To solve the problem of finding the magnitude of the focal length of an equiconcave lens with one surface silvered, we will follow these steps: ### Step 1: Identify the parameters of the lens - The radius of curvature (R) of each surface of the lens is given as 20 cm. - The refractive index (μ) of the lens material is 1.5. ### Step 2: Calculate the focal length of the equiconcave lens The formula for the focal length (f) of a lens is given by the lens maker's formula: \[ \frac{1}{f} = (\mu - 1) \left( \frac{1}{R_1} - \frac{1}{R_2} \right) \] For an equiconcave lens: - \( R_1 = -20 \) cm (the first surface is concave) - \( R_2 = +20 \) cm (the second surface is also concave) Substituting these values into the formula: \[ \frac{1}{f} = (1.5 - 1) \left( \frac{1}{-20} - \frac{1}{20} \right) \] \[ \frac{1}{f} = 0.5 \left( -\frac{1}{20} - \frac{1}{20} \right) \] \[ \frac{1}{f} = 0.5 \left( -\frac{2}{20} \right) = 0.5 \left( -\frac{1}{10} \right) = -\frac{1}{20} \] Thus, the focal length \( f \) of the lens is: \[ f = -20 \text{ cm} \] ### Step 3: Account for the silvered surface When one surface of the lens is silvered, it acts as a combination of a lens and a mirror.
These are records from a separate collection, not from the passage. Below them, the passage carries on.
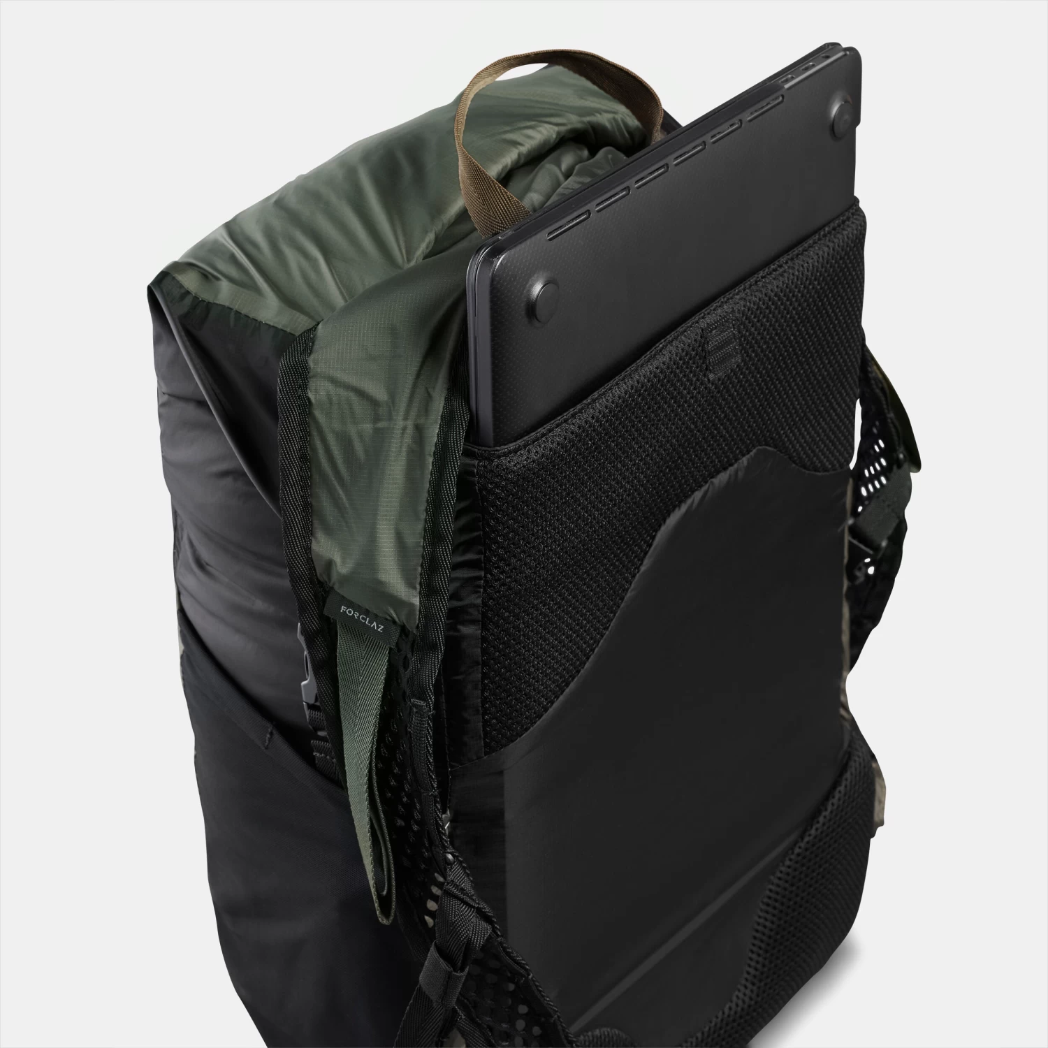 Our designers developed this compact, ultra lightweight and waterproof bag for your travels and in everyday life.Once unfolded, this back-up bag can hold up to 25 L so you can store your belongings and a laptop (14 inches). Folded back up in its pouch, its slides easily into a suitcase.
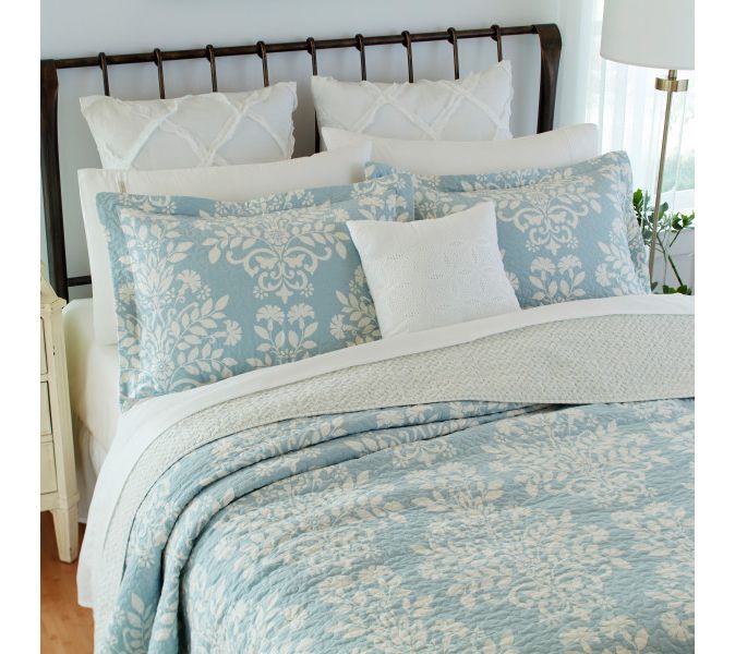 Laura Ashley's Rowland quilt set combines timeless damask with casual style, featuring a soft aqua and white damask print paired with a geometric design on the reverse side. Prewashed for softness, this cotton quilt set becomes cozier with each wash. From Laura Ashley.
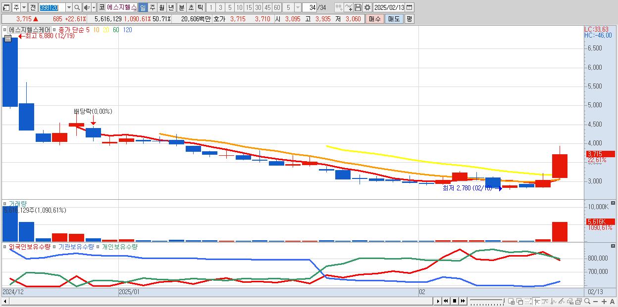 - 에스지헬스케어 (3,715원 ▲ 22.61% , 시총: 411억, 거래량: 5,616,129, 거래대금:206억)
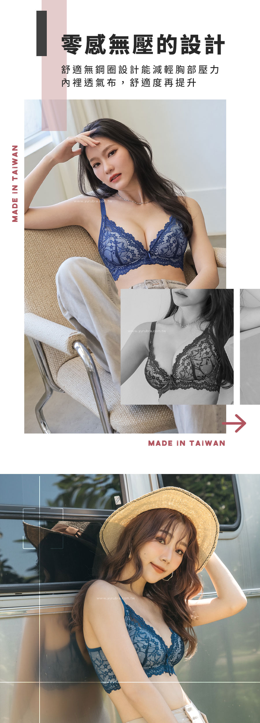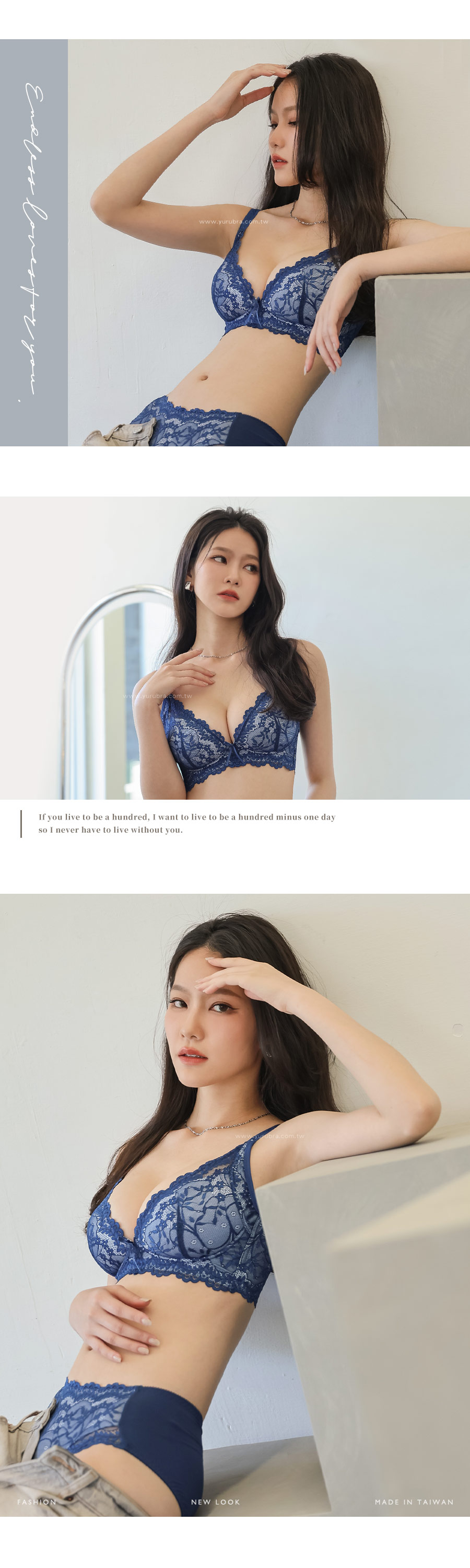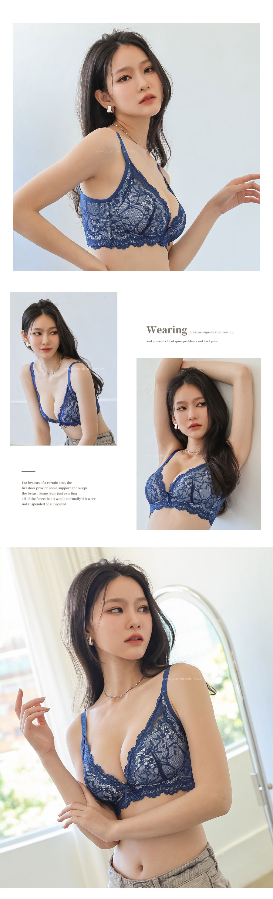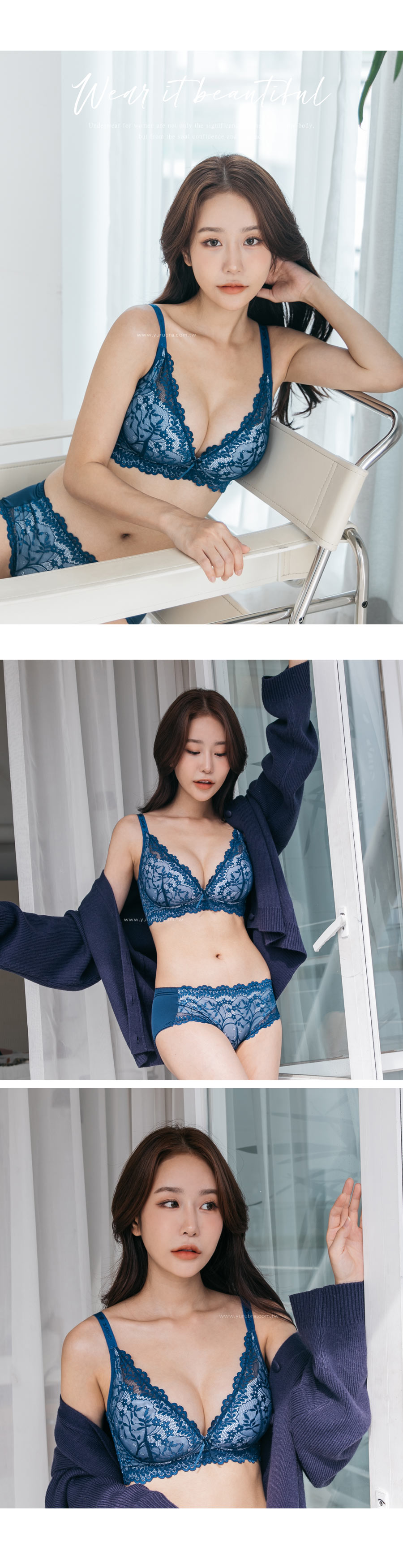 ★好穿到再推新色~深邃的藍色突襲~~ ★優雅蕾絲從前面延伸到後背片,整體圍繞出性感美麗 ★3/4罩的水滴型罩杯,軟Q立體,貼合度超好 ★舒適無壓的穿著感,盡情享受無鋼圈的設計 ★杯模內裡洞洞透氣布,穿著舒適透氣 ★下土台採用1.8公分鬆緊帶,加強穩定服貼不移位 ★加強包覆副乳,側邊曲線收攏,改善副乳豐滿胸部 ★脅邊雙膠條加高,穩定包覆效果極佳 ★後背微V字剪裁,穩定且不易滑肩 ★台灣製造,品質保證
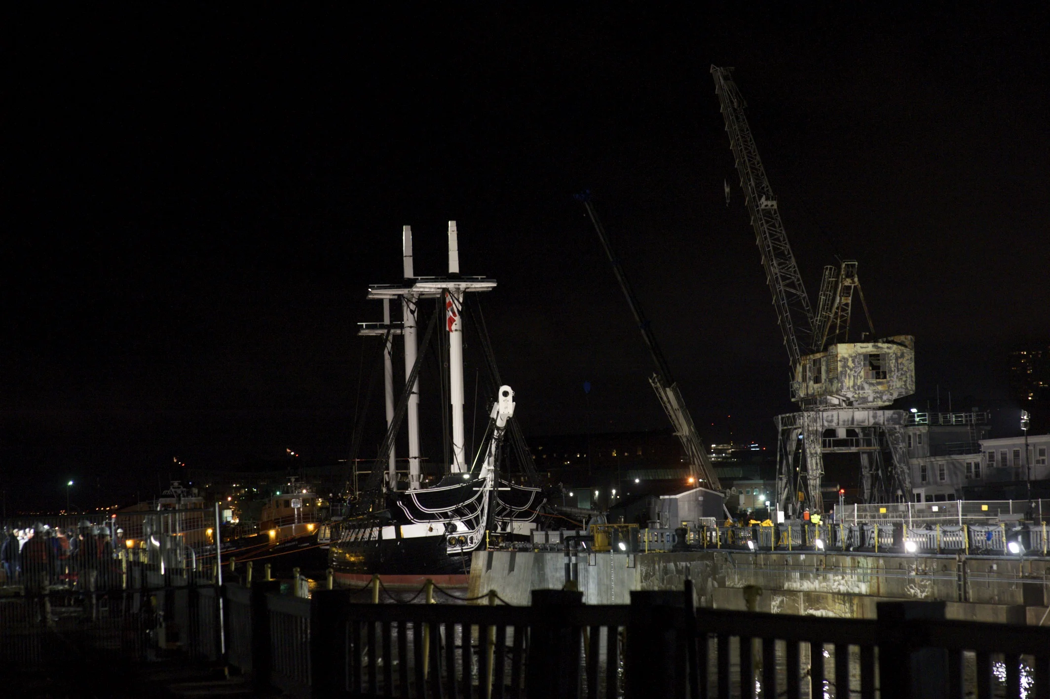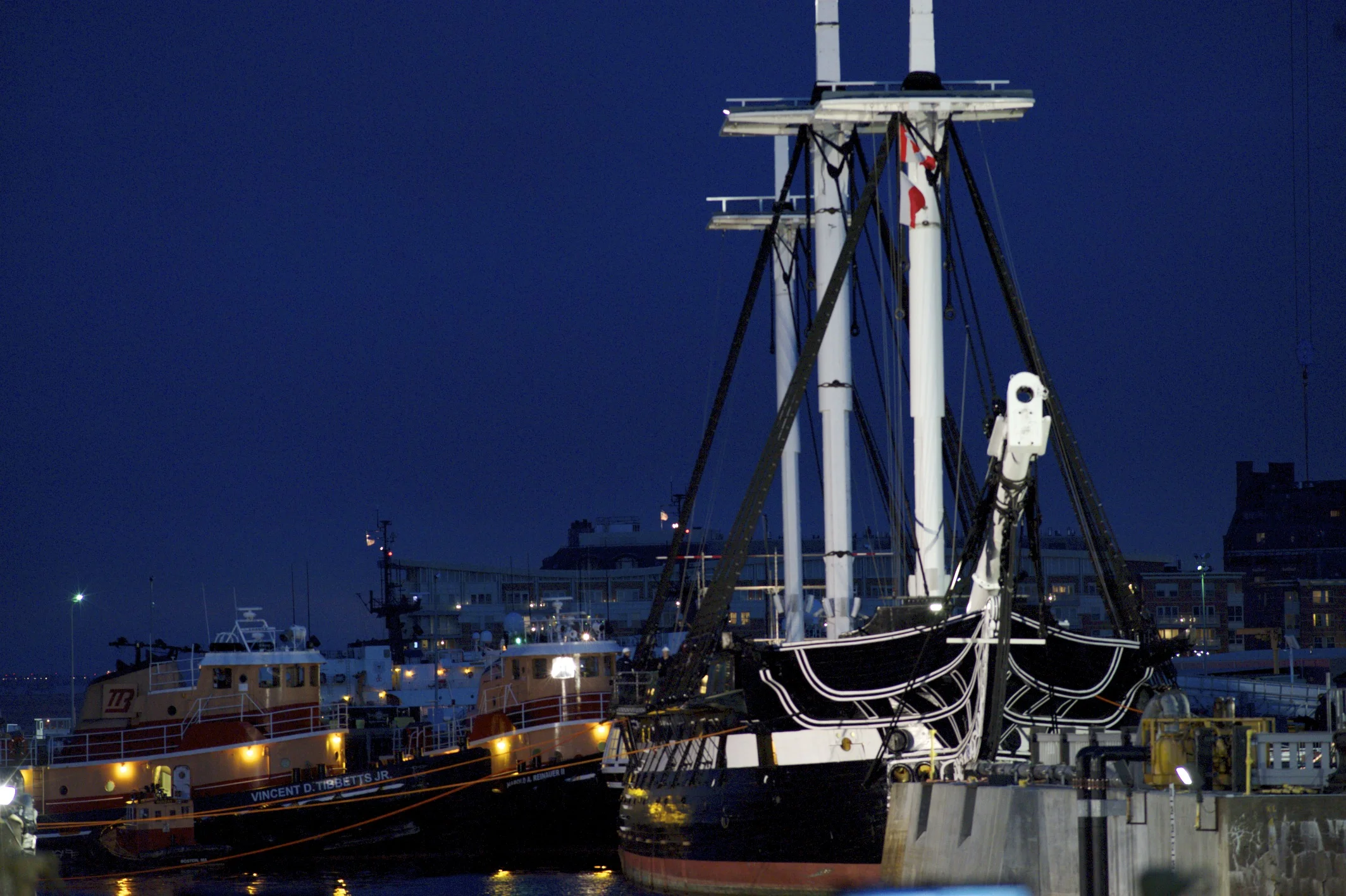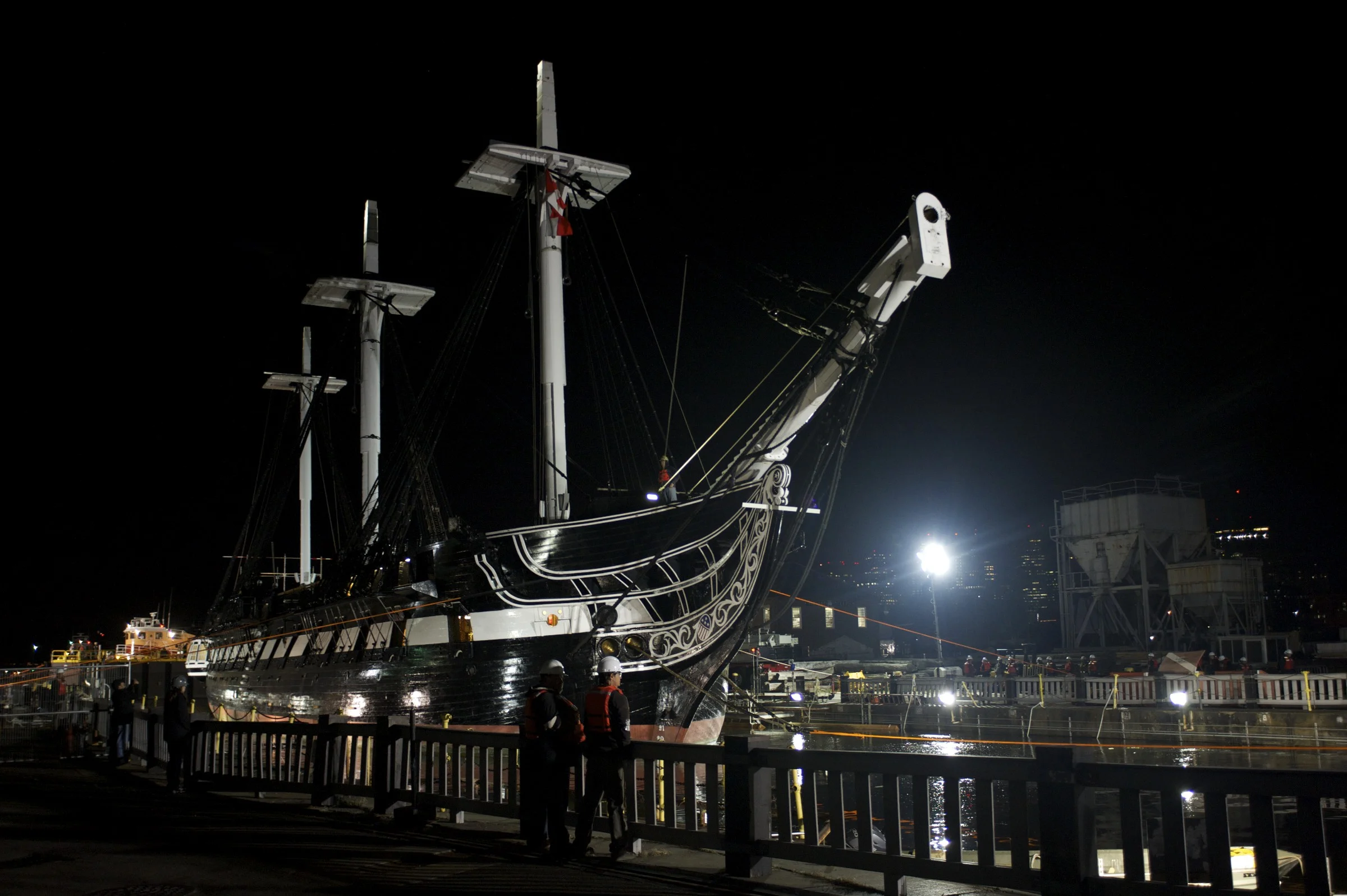 As the sun sets the constitution rest at the end of dry dock one, waiting for high tide to be ever so delicately moved into the dry dock.
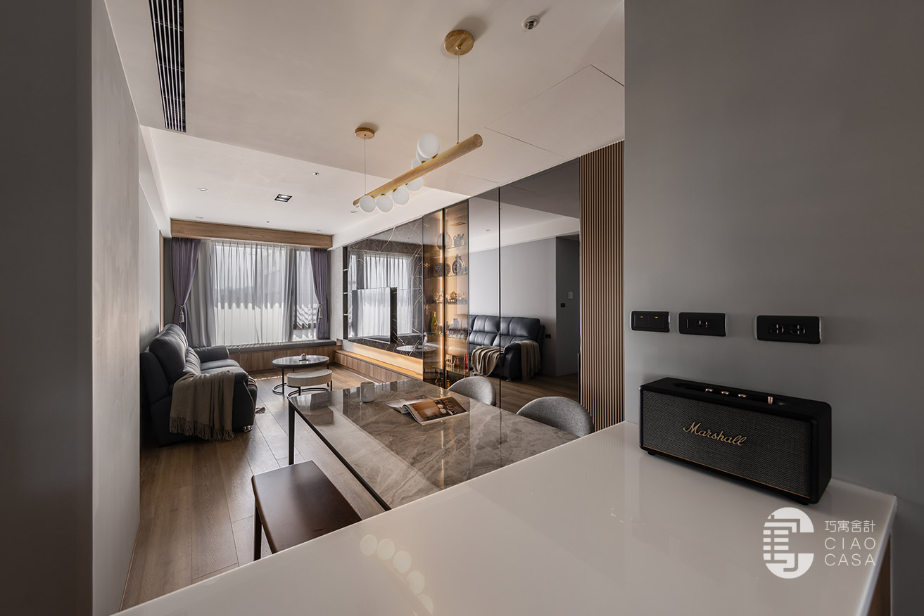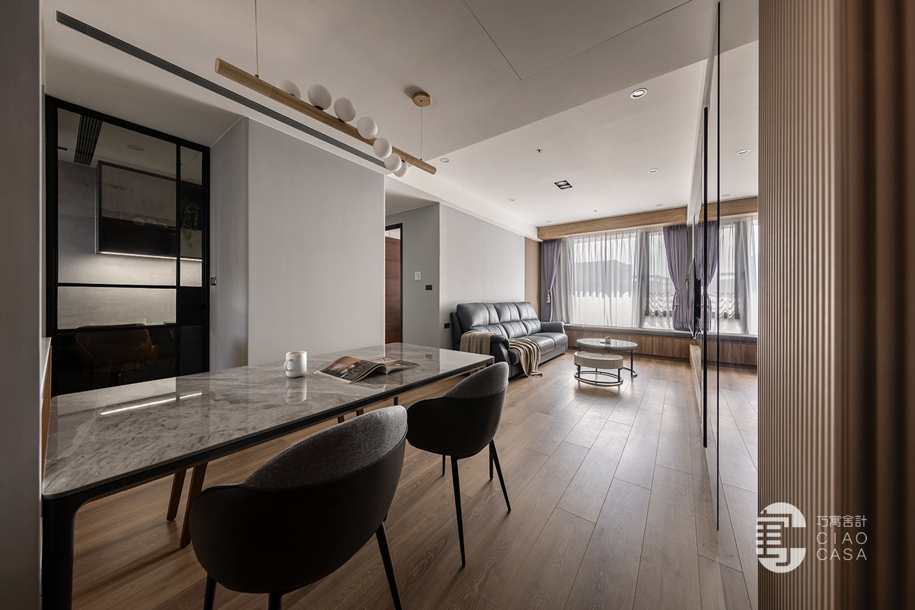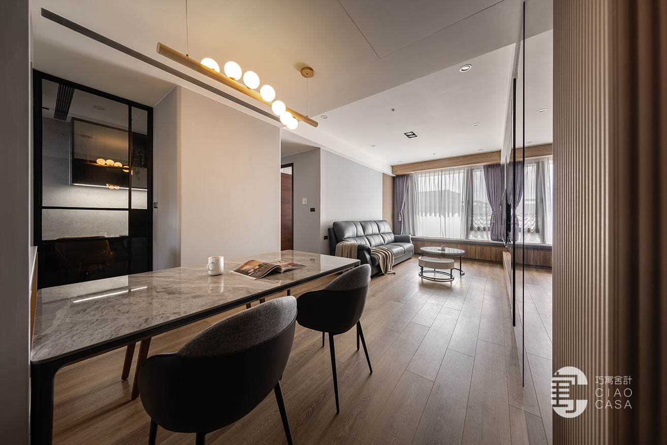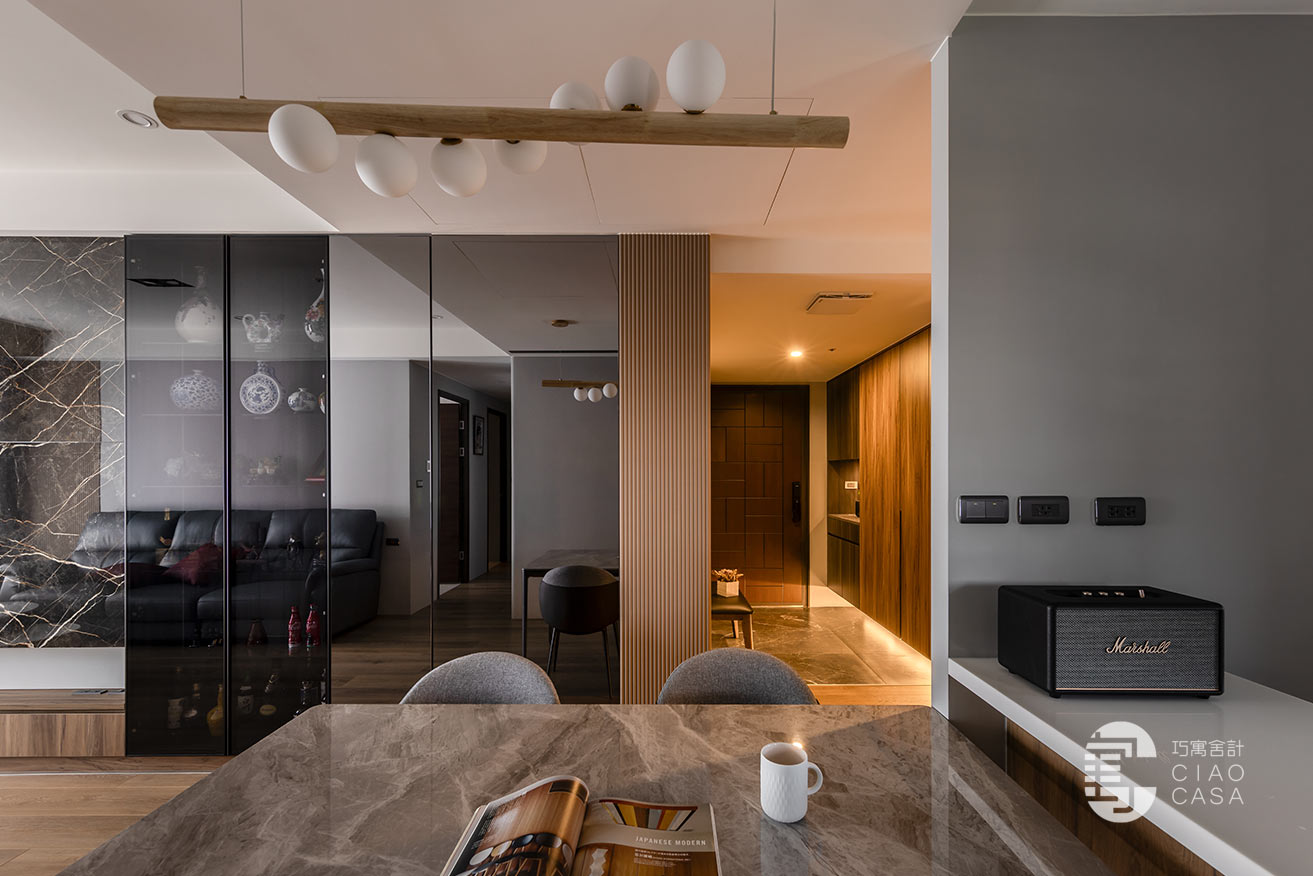 幽闇低婉的光影,在長廊式的玄關裡嬈嬈綽綽,映照著思緒的流動,循序漸進的行經過程,皆是深具儀式性的心境鋪陳。黑底白紋的大板地磚,表面動態感的流紋,使義式輕奢的氣韵在優雅的氛圍中收放自如,同時與溫潤的木地板立下清晰的內外分野。

The silvered surface acts as a convex mirror. ### Step 4: Calculate the focal length of the convex mirror The focal length (f_m) of a convex mirror is given by: \[ f_m = \frac{R}{2} \] Where \( R \) is the radius of curvature of the mirror. Since the radius of curvature is 20 cm, we have: \[ f_m = \frac{20}{2} = 10 \text{ cm} \] ### Step 5: Use the lens-mirror combination formula For a lens and mirror combination, the equivalent focal length (f_eq) is given by: \[ \frac{1}{f_{eq}} = \frac{1}{f_m} - \frac{2}{f_l} \] Substituting the values: \[ \frac{1}{f_{eq}} = \frac{1}{10} - \frac{2}{-20} \] \[ \frac{1}{f_{eq}} = \frac{1}{10} + \frac{1}{10} = \frac{2}{10} = \frac{1}{5} \] Thus, the equivalent focal length \( f_{eq} \) is: \[ f_{eq} = 5 \text{ cm} \] ### Conclusion The magnitude of the focal length of the lens with one surface silvered is: \[ \boxed{5 \text{ cm}} \]